Los años pasaron como ceniza arrastrada por el viento. La Ciudad Roja seguía viva, respirando con el estruendo del volcán central y el martillo del Golem de piedra, que golpeaba las lágrimas sólidas convertidas en monedas azules, mientras el ente flotante con mil ojos contaba y registraba cada fragmento del trabajo.
Gato Café y Gorila Pelón habían aprendido a moverse entre la maquinaria y los hornos, entre los topos que corrían con carretas y las estructuras oxidadas que temblaban con cada golpe del gigante. Pero el tiempo no fue igual para ambos. Gorila Pelón se inclinó hacia la ingeniería, hacia la mecánica de la ciudad: diseñó sistemas que agilizaron el transporte de las piedras, ajustó engranajes, reconstruyó vías y plataformas, y convirtió la Ciudad Roja en un organismo más eficiente. Cada invento suyo era un puente entre lo imposible y lo necesario, y poco a poco, el Golem de piedra comenzó a mostrar un respeto genuino por su habilidad.

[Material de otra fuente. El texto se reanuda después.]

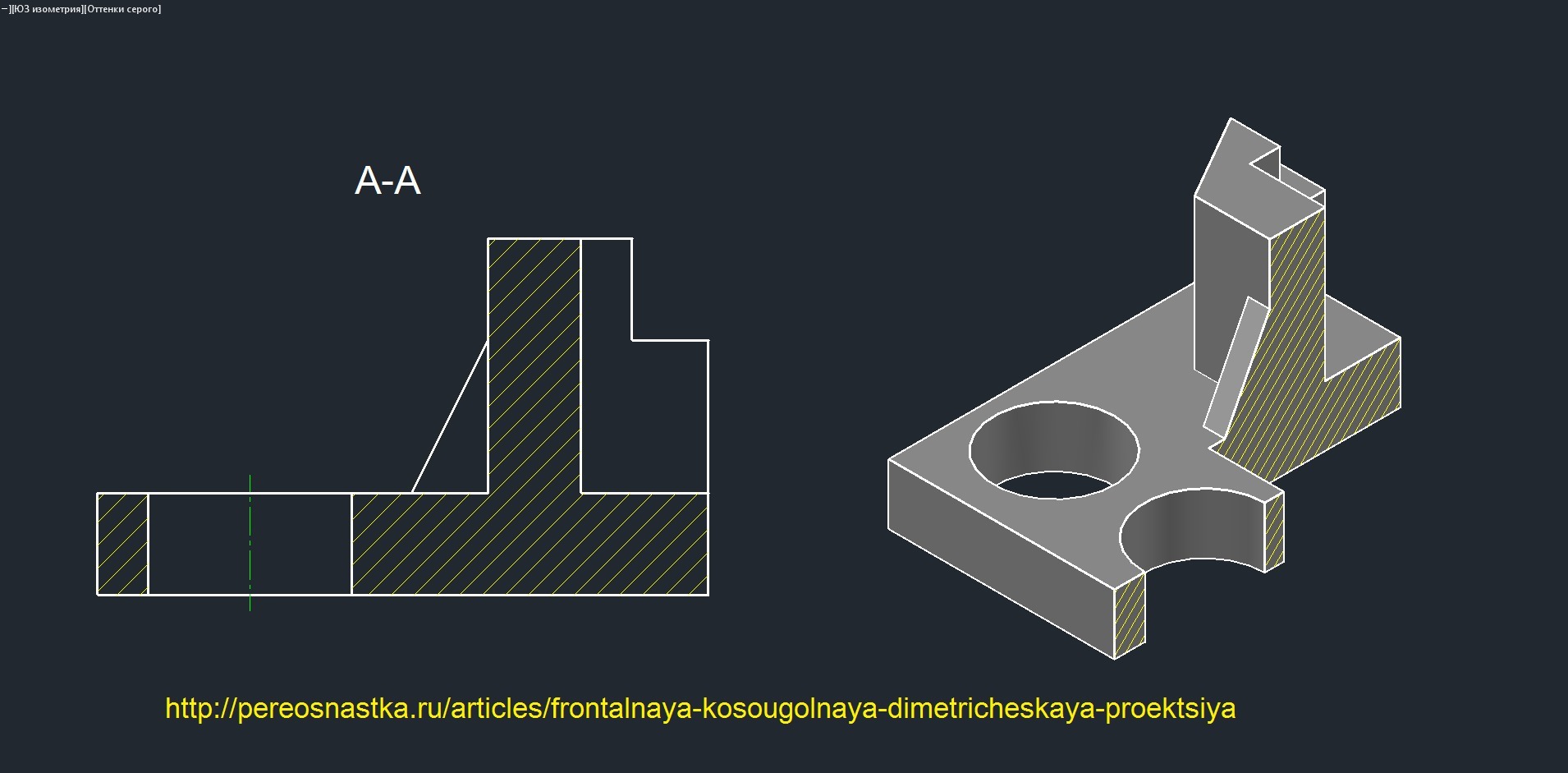Геморройно делать диметрию в моей программе, могу только вам подсказать, что размер детали будет искажаться по оси Y в два раза в меньшую сторону, а по осям X и Z, он будет истинным. Почитайте, на самом деле, там не очень уж и сложно. В изображении например ссылка, дотошно все расписано как это "чудо" строить. Удачи в учёбе.

Gato Café, en cambio, despreciaba la rutina. La monotonía de la labor física le resultaba insoportable. En los días libres, subía a las torres, recorría los tejados, recorría pasillos oxidados y vigas inestables, perfeccionando sus saltos, giros y movimientos acrobáticos. A veces se sentaba en silencio sobre un vagón vacío, dejando que las memorias del sombrero se filtraran en su mente, aprendiendo, recordando, absorbiendo fragmentos de vidas pasadas. Era su entrenamiento, su refugio, su forma de sobrevivir a la obligación de la Ciudad Roja.
El Golem, paciente y silencioso, nunca lo reprendía. Sabía que Gorila Pelón era un activo valioso, y mientras él trabajaba, Gato Café podía ser tolerado. Cada día reforzaba su cuerpo y su mente, observando a los topos correr, a las lágrimas sólidas saltar en el aire, a la lava brillar entre las grietas del volcán, mientras su odio por el trabajo y por la ciudad crecía con la misma intensidad que su fuerza.

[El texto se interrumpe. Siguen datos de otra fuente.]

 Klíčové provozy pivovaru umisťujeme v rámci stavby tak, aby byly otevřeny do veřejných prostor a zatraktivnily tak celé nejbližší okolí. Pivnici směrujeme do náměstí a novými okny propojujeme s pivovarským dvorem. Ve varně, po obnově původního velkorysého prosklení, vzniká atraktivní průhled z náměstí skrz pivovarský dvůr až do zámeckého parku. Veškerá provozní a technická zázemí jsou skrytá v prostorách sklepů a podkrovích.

Un día, el Golem se acercó a ellos, con pasos que resonaban como tambores de piedra. Su voz era profunda, calmada y ligeramente amarga:
—Hay cosas que no les he contado —dijo—. Yo y el Centinela estamos atrapados aquí por un hechizo antiguo. Surge de una promesa. Debíamos construir la vía y la estación que conectara la Ciudad Roja con el Mar y el Sur, hasta las montañas. Nunca terminamos nuestro trabajo.
Gato Café frunció el ceño, sus ojos reflejando fuego y cansancio.
—¿Y eso qué tiene que ver conmigo? —preguntó, cruzando los brazos y dejando que la pulsera de su padre tirara de su muñeca, recordándole otros lugares, otros caminos.
—Si construyes la vía hacia el este —continuó el Golem—, podrás irte. La ciudad, los hornos, los topos, todo quedará como está, y tú serás libre.
Gorila Pelón miró a Gato, incrédulo.
—¿Construir una vía? —dijo—. ¿Eso me permitirá irme?
—Sí —afirmó el Golem—. No es fácil, pero no hay otra manera.
Gato Café sonrió con ironía, como si el mundo entero fuera una broma absurda:
—Ridículo. Pero está bien. Lo haré.
Gorila Pelón cerró los puños, el ceño fruncido, y por primera vez mostró resistencia.
—No voy a ayudarte —dijo—. No volveré a ser esclavo de nadie.
Gato Café lo miró sin emoción, apenas un leve destello de comprensión y desafío en sus ojos.
—Está bien —dijo—. No necesito que lo hagas.
El Golem, observando desde su altura de piedra, inclinó la cabeza y susurró:
—Entonces que así sea. Pequeño gato.
Y con eso, Gato Café miró al horizonte. La pulsera de su padre tiraba con fuerza hacia el oeste, hacia tierras desconocidas, mientras la Ciudad Roja ardía detrás de ellos, imponente y silenciosa. Sabía que su camino no era fácil, pero tampoco estaba dispuesto a quedarse más tiempo. Gorila Pelón, en cambio, aún dudaba, la resistencia clavada en su pecho, mientras observaba el gigante de piedra martillar y el ente de mil ojos parpadear sobre ellos.